I'm curious if there is at least a weak correlation between overall description length and the price of listings. Perhaps hosts who have longer descriptions are more likely to be full-time hosts, maintain their property better, and provide better accomodations? In contrast, maybe those with little to no descriptions are more likely to be occassional hosts who provide lower quality accomodations? Overall, accomodation quality is subjective and thus, difficult to quantify. There is no numerical "quality" metric in these datasets, however the quality of an Airbnb listing should clearly have a strong correlation with its price. Two listings could be identical in location, # bedrooms, # bathrooms, amenities, etc. but their prices could be wildly different if one is more "quality" than the other.

In [3]:
'''
creates a new feature that is the total number of listed amenities
'''
def make_total_amenities_feature(listings: pd.core.frame.DataFrame) -> None:
    listings['total_amenities'] = listings.amenities.map(lambda amenities: len(amenities.split(', ')))

### Why a "total_amenities" feature?
The "total amenities" feature is just a general proxy-feature. Clearly not all amenities should be weighted equally (e.g. pool > coffee maker). There are so many different types of amenities and it would be impossible to try to determine how valuable each one is. In addition, the entries in this column is a messy list of strings that is full of typos and similar amenities:<br>
>- 'j\\u00c4son conditioner'
>- 'ikea refrigerator'
>- 'modern skyn alchemy body soap'
>- 'miele refrigerator'
>- etc.

Maybe I'll have to go back and try to clean up this data. Certain amenities like wifi, kitchen, and pool are likely to strongly affect the price.

In [4]:
def make_specific_amenity_features(listings: pd.core.frame.DataFrame) -> None:
    # parses a string'd list of amenities
    def parse_amenity_list(amenity_list: str) -> list:
        return [amenity[1:-1] for amenity in amenity_list[1:-1].lower().split(", ")]

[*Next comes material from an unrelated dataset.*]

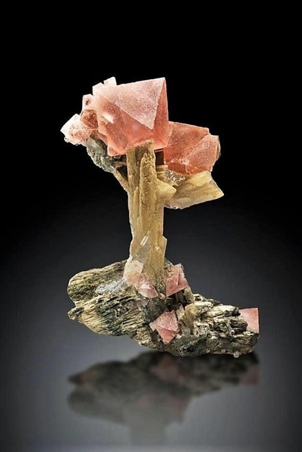 Сокровища земли. Натуральные кристаллы: флюорит с кварцем и ильваитом.
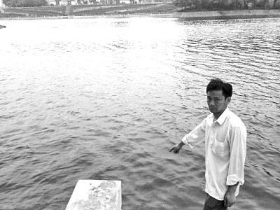 刘洁的父亲刘德俊指着女儿落水的地方资料图

    # gets each listings set of amenities
    listing_amenities = listings.amenities.map(lambda amenity_list: parse_amenity_list(amenity_list))

    new_feature_names = ["has_pool", "has_wifi", "has_kitchen"]
    for feature_name in new_feature_names:
        feature = feature_name[4:]
        listings[feature_name] = listing_amenities.map(lambda amenity_list: feature in amenity_list)

### Why a "make_specific_amenity_features" function?
This function creates 1 new feature for each amenity in a certain list of amenities. Each entry is True if that listing has that amenity and is False if otherwise.

In [5]:
np.nan + 0

nan